Cloud-native teams routinely tell me their provider is the DR plan. Multi-zone resilience is real, but it does not restore the database your own migration script just dropped, undo a deleted storage bucket, or save you from ransomware that encrypted with valid credentials — the provider keeps the infrastructure alive; your data and configuration remain your problem. The credible minimum for a small team fits on a few pages: honest RTO/RPO numbers per critical service, a quarterly restore test of the crown-jewel data with the duration written down, and one failover runbook that somebody other than its author has executed. Small scale shrinks the evidence, not the need for it.

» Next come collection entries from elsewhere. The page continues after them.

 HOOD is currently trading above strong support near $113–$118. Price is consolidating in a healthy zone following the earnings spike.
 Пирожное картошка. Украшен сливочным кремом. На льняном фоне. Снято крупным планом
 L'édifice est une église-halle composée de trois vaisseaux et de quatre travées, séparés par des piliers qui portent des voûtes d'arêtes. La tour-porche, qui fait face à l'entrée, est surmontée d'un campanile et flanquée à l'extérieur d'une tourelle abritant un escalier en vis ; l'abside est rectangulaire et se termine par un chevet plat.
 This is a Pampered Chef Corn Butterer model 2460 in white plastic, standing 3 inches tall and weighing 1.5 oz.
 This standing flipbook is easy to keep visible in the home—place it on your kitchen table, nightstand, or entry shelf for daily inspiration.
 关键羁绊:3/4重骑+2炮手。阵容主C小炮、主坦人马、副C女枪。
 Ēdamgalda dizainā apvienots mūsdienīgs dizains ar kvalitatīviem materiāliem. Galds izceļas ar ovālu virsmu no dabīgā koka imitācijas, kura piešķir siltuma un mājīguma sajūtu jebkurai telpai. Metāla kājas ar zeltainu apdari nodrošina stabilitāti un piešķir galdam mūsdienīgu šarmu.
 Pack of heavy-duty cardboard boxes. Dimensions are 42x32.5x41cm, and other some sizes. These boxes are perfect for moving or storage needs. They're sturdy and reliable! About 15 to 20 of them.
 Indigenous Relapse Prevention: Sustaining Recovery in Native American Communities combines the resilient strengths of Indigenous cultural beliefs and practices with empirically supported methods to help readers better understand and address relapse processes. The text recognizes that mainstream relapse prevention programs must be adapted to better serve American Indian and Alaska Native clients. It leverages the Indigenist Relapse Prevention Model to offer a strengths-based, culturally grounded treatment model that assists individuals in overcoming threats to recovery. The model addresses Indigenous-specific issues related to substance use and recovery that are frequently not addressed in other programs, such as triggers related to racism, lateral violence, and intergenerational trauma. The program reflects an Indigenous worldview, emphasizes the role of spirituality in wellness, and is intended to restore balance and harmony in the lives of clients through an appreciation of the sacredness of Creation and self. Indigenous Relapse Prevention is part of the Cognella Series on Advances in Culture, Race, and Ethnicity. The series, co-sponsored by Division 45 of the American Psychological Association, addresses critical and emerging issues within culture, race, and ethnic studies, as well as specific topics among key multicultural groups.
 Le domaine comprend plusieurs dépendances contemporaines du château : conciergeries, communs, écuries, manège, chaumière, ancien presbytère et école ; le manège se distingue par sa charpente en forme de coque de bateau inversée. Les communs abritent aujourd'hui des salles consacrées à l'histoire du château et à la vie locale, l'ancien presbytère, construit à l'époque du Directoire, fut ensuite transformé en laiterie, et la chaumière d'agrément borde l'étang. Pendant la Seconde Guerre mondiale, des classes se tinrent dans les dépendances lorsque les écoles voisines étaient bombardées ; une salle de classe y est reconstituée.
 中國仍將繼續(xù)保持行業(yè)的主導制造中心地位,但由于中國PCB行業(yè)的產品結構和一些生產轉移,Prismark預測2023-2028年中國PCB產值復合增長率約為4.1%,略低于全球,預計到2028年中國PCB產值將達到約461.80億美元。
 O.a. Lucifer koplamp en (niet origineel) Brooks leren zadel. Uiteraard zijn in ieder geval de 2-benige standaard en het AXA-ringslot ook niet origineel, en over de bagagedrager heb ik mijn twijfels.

Common Challenges & Solutions
Challenge
RTO and RPO numbers were invented inside IT — or set to "zero downtime" — without the business ever weighing cost against tolerance.
Solution
Run a lightweight BIA conversation with each process owner: what does an hour, a day, a week of outage cost, and how much rework is survivable? Tier services from those answers, price the architecture per tier, and put the trade-off to management explicitly. A signed-off four-hour RTO beats an aspirational zero that no budget supports.
Challenge
Backups run nightly and report green, but a full-system restore has never been attempted.
Solution
Schedule restore testing as a standing control: file-level restores frequently, full-system restores of Tier 1 services at least annually, with measured duration compared against the RTO. Keep at least one backup copy isolated or immutable so ransomware cannot encrypt the recovery path along with production, and treat any failed or slow restore as a corrective action with an owner.
Challenge
Full DR exercises keep being deferred because nobody will risk breaking production to run one.
Solution
Use a graduated ladder: tabletop walkthroughs first, then component failovers in maintenance windows, then full recovery into an isolated environment — cloud tooling makes parallel-environment testing cheap enough to remove the excuse. Book the exercise into the ISMS annual calendar with an executive sponsor, and report completion or slippage at management review.
Challenge
Recovery stalls on hidden dependencies — restored applications cannot authenticate, resolve DNS, or reach the secrets vault.
Solution
Map dependencies for every Tier 1 service before the architecture is tested: identity, DNS, secrets management, networking, licensing, and third-party APIs, each with its own position in the recovery sequence. Restore foundations first and verify them before applications. Include critical suppliers' recovery commitments in due diligence — their outage is your outage.
Challenge
The DR plan was accurate two years ago, and the architecture has changed beyond recognition since.
Solution
Make recovery impact a mandatory field on change requests for in-scope systems, so objectives and runbooks get reviewed when the architecture moves. Define the recovery environment as infrastructure-as-code so it tracks production by construction rather than by memory. Review the full plan at least annually and after major changes, and track plan currency as a readiness metric at management review.